I’m going to faint, thought Milena. She was cold, shivering. This is ridiculous: real people don’t faint. Neither do ghosts.
But she felt herself slip away anyway. The moon of the future swam in the sky and Milena let herself fall. She felt herself fall, and was lifted up. For a moment, she thought she was in Rolfa’s arms.
Time was a dream. The helicopters came again, roaring over the tops of the trees, tormenting them, tearing leaves from the branches, sending flurries through the snow. It was not Rolfa, but Mike Stone who was carrying her now, running with her as he had with Milton the Minister, as if this were her wedding again. People rushed to help him lower Milena to the floor, and from out of pouches in his trousers Mike took a pulse injector and clips. He put them into Milena’s ears and arms.
This is not the future or the past. This is my Now, she realized, and Now is always timeless.
She thought the Reading Room was the grass of the park in Rolfa’s street.
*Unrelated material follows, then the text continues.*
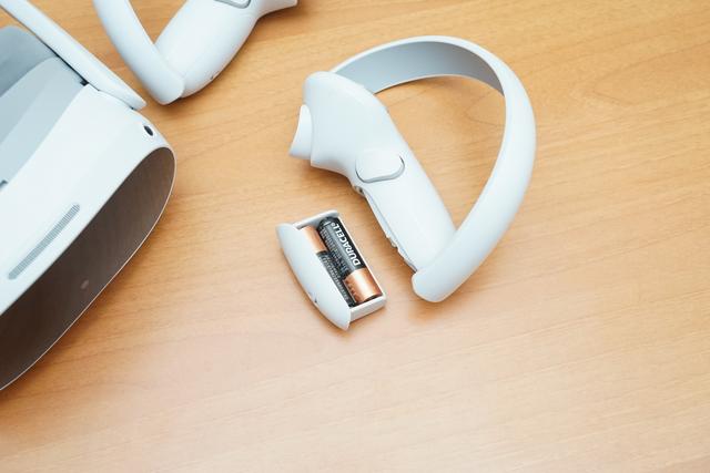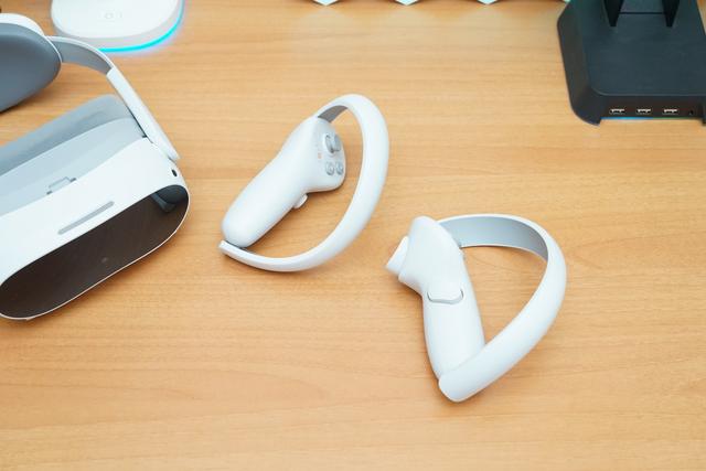 PICO 4 VR 一体机左右两只手柄是分开的,每只手柄上都有扳机键和抓握键,并可以捆绑上自带的安全绳。

She wished with all her heart it was that crescent of grass and trees and that she would wake up in the morning in her own room to find that Rolfa was going to live with her.
Milena felt the grass of her sixteenth summer press against her cheek. She wanted to put the very tips of her fingers in Rolfa’s hand. She couldn’t find it, any of it.
The grass was gone, and the park, and the infinitude of different Milenas for all her different Nows. The Milena who was remembering felt herself reunited with the Milena who was still alive.